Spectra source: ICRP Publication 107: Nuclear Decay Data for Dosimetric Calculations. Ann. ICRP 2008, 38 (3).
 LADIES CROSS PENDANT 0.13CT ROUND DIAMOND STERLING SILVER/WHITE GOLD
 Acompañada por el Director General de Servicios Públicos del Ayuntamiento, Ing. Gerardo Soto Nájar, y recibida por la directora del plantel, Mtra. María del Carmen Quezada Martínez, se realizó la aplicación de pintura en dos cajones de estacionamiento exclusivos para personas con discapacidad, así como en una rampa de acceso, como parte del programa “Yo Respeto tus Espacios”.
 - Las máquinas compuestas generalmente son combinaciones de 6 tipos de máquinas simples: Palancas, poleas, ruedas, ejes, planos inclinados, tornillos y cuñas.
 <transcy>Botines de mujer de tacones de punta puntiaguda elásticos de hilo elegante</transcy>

::::::::::

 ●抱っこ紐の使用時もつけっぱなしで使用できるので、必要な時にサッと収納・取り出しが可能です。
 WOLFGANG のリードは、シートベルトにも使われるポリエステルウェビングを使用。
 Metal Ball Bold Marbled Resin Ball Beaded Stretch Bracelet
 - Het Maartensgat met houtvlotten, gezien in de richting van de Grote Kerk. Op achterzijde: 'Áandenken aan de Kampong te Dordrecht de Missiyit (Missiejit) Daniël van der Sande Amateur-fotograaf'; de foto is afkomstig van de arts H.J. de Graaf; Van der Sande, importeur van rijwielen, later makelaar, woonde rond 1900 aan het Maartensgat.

::::::::::

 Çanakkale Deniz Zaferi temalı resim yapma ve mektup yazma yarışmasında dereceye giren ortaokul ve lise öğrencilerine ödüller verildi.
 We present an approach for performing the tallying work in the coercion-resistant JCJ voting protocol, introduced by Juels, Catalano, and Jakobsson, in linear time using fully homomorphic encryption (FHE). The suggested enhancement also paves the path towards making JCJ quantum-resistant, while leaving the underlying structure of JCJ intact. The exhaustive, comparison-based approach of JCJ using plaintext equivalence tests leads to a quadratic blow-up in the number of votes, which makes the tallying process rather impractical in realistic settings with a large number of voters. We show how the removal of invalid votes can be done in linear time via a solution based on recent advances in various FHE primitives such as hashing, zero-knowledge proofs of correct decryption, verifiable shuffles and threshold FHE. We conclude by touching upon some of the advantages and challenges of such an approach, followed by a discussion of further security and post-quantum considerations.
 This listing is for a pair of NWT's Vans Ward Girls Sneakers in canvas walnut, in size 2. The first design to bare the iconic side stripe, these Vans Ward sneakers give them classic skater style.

::::::::::

Looking at the data above, write out exactly the lines that start at the one containing "- Las máquinas" and end at the one containing "<transcy>Botines de mujer"; include both and nothing beyond.

The completed task:
 - Las máquinas compuestas generalmente son combinaciones de 6 tipos de máquinas simples: Palancas, poleas, ruedas, ejes, planos inclinados, tornillos y cuñas.
 <transcy>Botines de mujer de tacones de punta puntiaguda elásticos de hilo elegante</transcy>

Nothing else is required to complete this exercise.